Researchers are tackling the notoriously difficult electric vehicle routing problem with time windows , a key challenge in sustainable logistics. Mertcan Daysalilar (University of Miami), Fuat Uyguroglu (Cyprus International University), and Gabriel Nicolosi (Missouri University of Science and Technology) et al. present a novel curriculum-based deep reinforcement learning framework to improve both the speed and reliability of solutions. Existing deep reinforcement learning models often falter when faced with the complex constraints of this problem, but this new approach uses a phased learning system, gradually increasing difficulty to ensure stable training and impressive generalisation , even on problems with up to 100 customers, despite being trained on much smaller instances. This breakthrough offers a significant step towards practical, efficient, and dependable electric vehicle routing in real-world applications.

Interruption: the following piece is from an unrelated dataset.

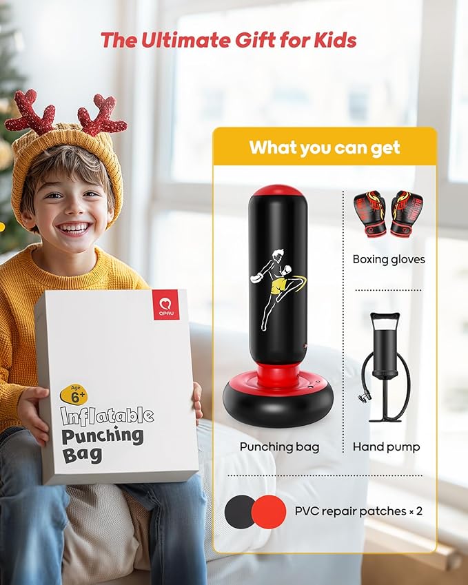 - IDEAL SIZE: The kids punching bag is 66 inches tall after fully inflated. Itโs designed for kids 6+ years old and encourages more enjoyable family time. Its bottom base is 31 inches long in diameter, wider than most punching bags on the market, and that provides more stability with weight. The inflatable punching bag helps children strengthen physical fitness and relieve energy while they are at home.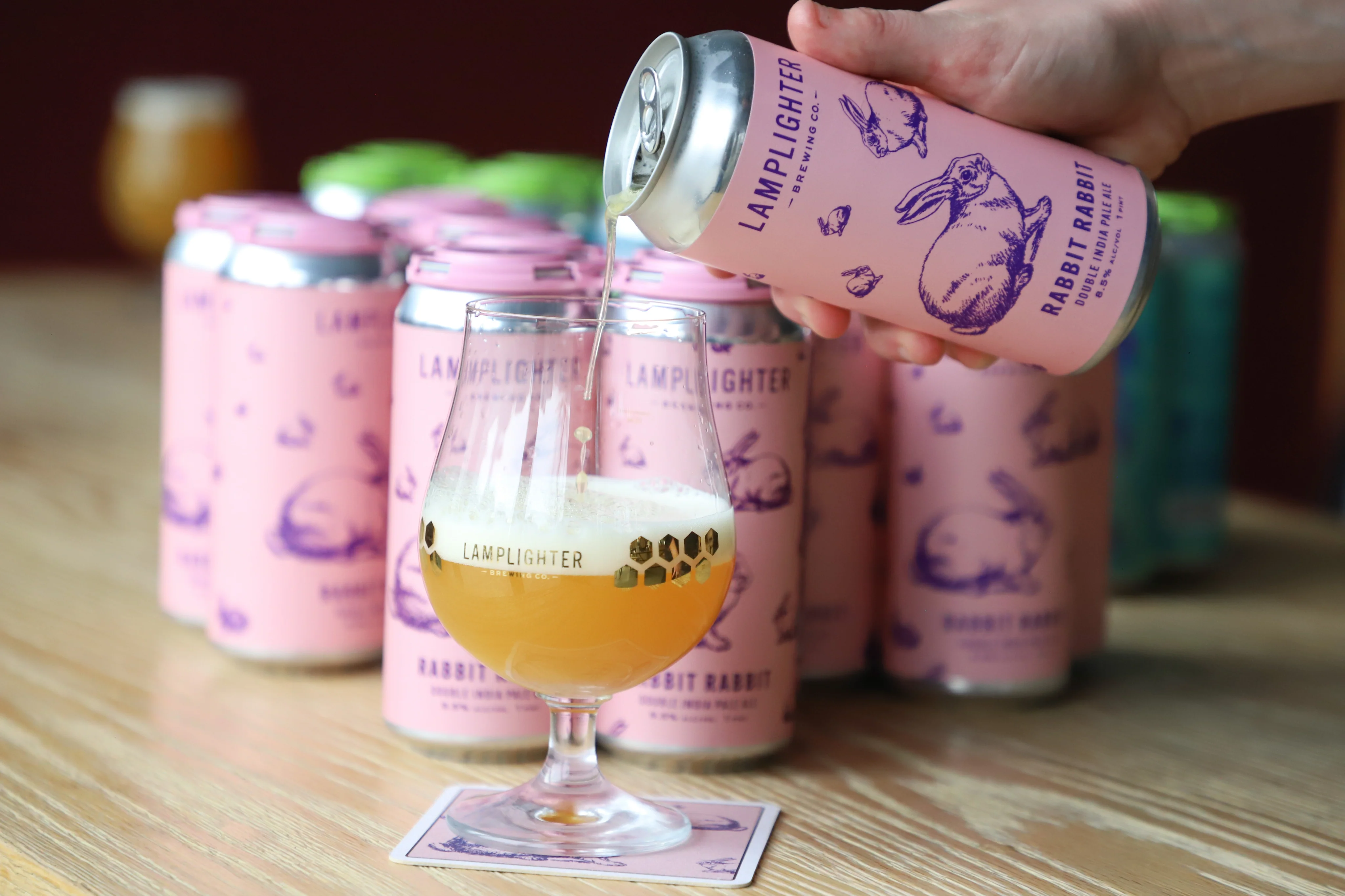 A dangerously drinkable double dry-hopped Double IPA brewed with fruity and flavorful hops. This beer is a veritable juice bomb, boasting bold flavors of mango, melon, and ripe pineapple, all balanced by a velvety mouthfeel and smooth finish. Named after the somewhat alarming number of rabbits spotted all over Cambridge... kick back and hop to it.

The research team designed a structured three-phase curriculum that progressively increases problem complexity, allowing the agent to first master distance and fleet optimization, then battery management, and finally the complete EVRPTW scenario. This staged approach circumvents the sparse reward signals that typically plague end-to-end DRL models, fostering stable learning and preventing policy collapse.
To ensure consistent learning across each phase, the team implemented a modified proximal policy optimization algorithm, carefully tuning hyperparameters, employing value and advantage clipping, and utilizing adaptive learning-rate scheduling. The core of the model lies in a heterogeneous attention encoder, enhanced with both global-local attention mechanisms and feature-wise linear modulation. This specialized architecture is designed to explicitly capture the unique characteristics of depots, customers, and crucially, charging stations, allowing the agent to make informed routing decisions considering energy constraints. Trained initially on small instances with only N=10 customers, the model demonstrated remarkable generalization, successfully handling unseen instances ranging from N=5 to N=100.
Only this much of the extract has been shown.